Nifty: Resistance at 5123-5163-5200 Fair Wealth
Sensex likely to move lower in the coming weeks Nirav Vakharia
Thangamayil Jewellery IPO: Subscribe Hem Securities
Market expected to remain volatile ahead of F&O expiry Jainam Research



Src: ET, Valuenotes

Downside breakout could test 4,800

Downside breakout could test 4,800



Outlook: The short term trend is bearish and the Nifty is likely to test 4,950 again at the very least. If it falls below 4,950, it could hit 4,800. Expect high daily volatility and high volumes as well since this is settlement week. The daily range could be 150 points.

Rationale: The market made a decisive downside breakout when it closed below 5,150 on Thursday – the breakout was confirmed by volume expansion. That drop set up a likely target of 4,950, which was fulfilled intra-day on Friday. If support at 4,950 is broken, the next reliable support is 4,800. If the market falls below 4800, an intermediate trend reversal would be confirmed.

Counter-view: In terms of time, an intermediate uptrend has been in force since end-November. A trend reversal would be quite likely and in that case, the market could dip till it hits support in the range of 4,750-4,700. The other possibility is that short-covering close to settlement could trigger a sharp recovery that pulls the market back above 5,180. That would be a positive signal but it would need to be backed by breadth (positive advance-decline lines) and strong volume action to make it valid.

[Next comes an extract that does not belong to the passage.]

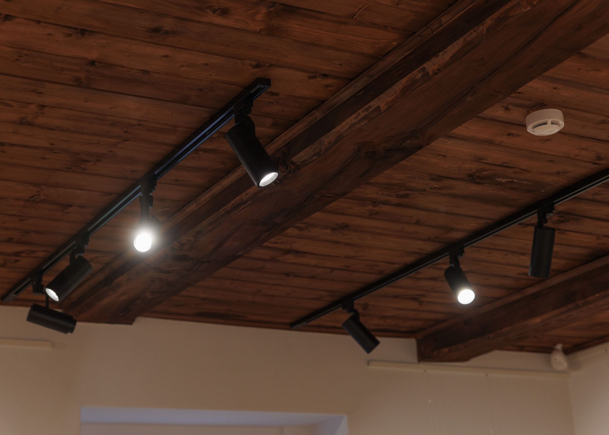 Современные треки и светильники в черном цвете гармонично вписались в аутентичный интерьер: линии треков размещены параллельно потолочным перекрытиям, тем самым не нарушая геометрию пространства.
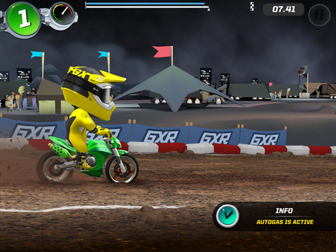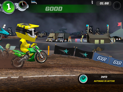游戏中的操作还是非常简单的,在比赛开始前,玩家需要控制时速表上的指针保持在绿色区域里,只有这样玩家才可以保证自己的车手能够以完美状态起步。在行驶的过程中摩托车的加油是自动的,玩家完全不用做任何的操作,这一点还是十分方便的。而到了上坡需要腾空做花式动作的时候,在画面下方会出现一个蓄力条,而且蓄力条会自动进行蓄力,当蓄力到完美范围内的时候玩家点击屏幕即可让车手顺利的完成腾空、花式动作、落地等一系列的动作,若失误的话,车手落地之后可能会对速度造成一定的影响。

Bulls & bears: This is results season so action will always be somewhat stock-specific. Reliance and Airtel did well on good results while L&T saw selling after it posted poor results. In fact, most major sectors saw heavy selling. The CNXIT lost a lot of ground despite the weaker rupee – Tech Mahindra was the only remotely bullish stock by Friday’s close. TCS, Wipro and Infosys were all looking weak.

Financials were also down with the Bank Nifty losing somewhat less than the market but most bank stocks closed bearish. Pressure on bank stocks could intensify next week. Metals, real estate and engineering-construction counters were sold heavily. If a quick recovery occurs in these sectors, it will be due to a combination of short covering and carryover buying. FMCG companies such as ITC and HUL saw some defensive buying. Some PSUs like REC and Concor could also see speculative buying in the hope of an IPO or FPO. A couple of auto and auto ancillary stocks could also move against the overall trend.

MICRO TECHNICALS

Hindustan Unilever
Current Price: Rs 257.95
Target Price: Rs 270


The stock is resting on good support between Rs 250-257. It has the potential to climb till Rs 266-270 at least since it’s perceived as a good defensive holding during bearish phases. Keep a stop at Rs 252 and go long. Start booking profits above Rs 266.

Reliance Industries
Current Price: Rs 1,053
Target Price: Rs 950


The stock is very delicately poised at support between Rs 1,030-1,050. If it closes below Rs 1,030, it could drop till around the Rs 950 level. Keep a stop at Rs 1,070 and go short. Increase the position between Rs 1,030. Book profits below Rs 970.

Unitech
Current Price: Rs 79.35
Target Price: Rs 72


The stock has been testing support between Rs 77-80. If it closes below Rs 77, it is likely to drop till around Rs 72. Keep a stop at Rs 82 and go short. Increase the position below Rs 77. Start booking profits at around Rs 73-74.

Shree Renuka
Current Price: Rs 220.95
Target Price: NA


The stock is consolidating close to a recent low. If the support between Rs 215-220 holds, it has the potential to recover till around the Rs 240 levels. Keep a stop at Rs 215 and go long. Book partial profits at Rs 230 and clear the position at Rs 240.

Punj Lloyd
Current Price: Rs 186.10
Target Price: Rs 170


The stock has made a downside breakout on high volumes. It’s likely to fall till the Rs 179 level at least and it may slide till around Rs 170. Keep a stop at Rs 190 and go long. Book partial profits at Rs 179 and revise the stop to Rs 180.

(The target price and projected movements given above are in terms of the next five trading sessions unless otherwise stated.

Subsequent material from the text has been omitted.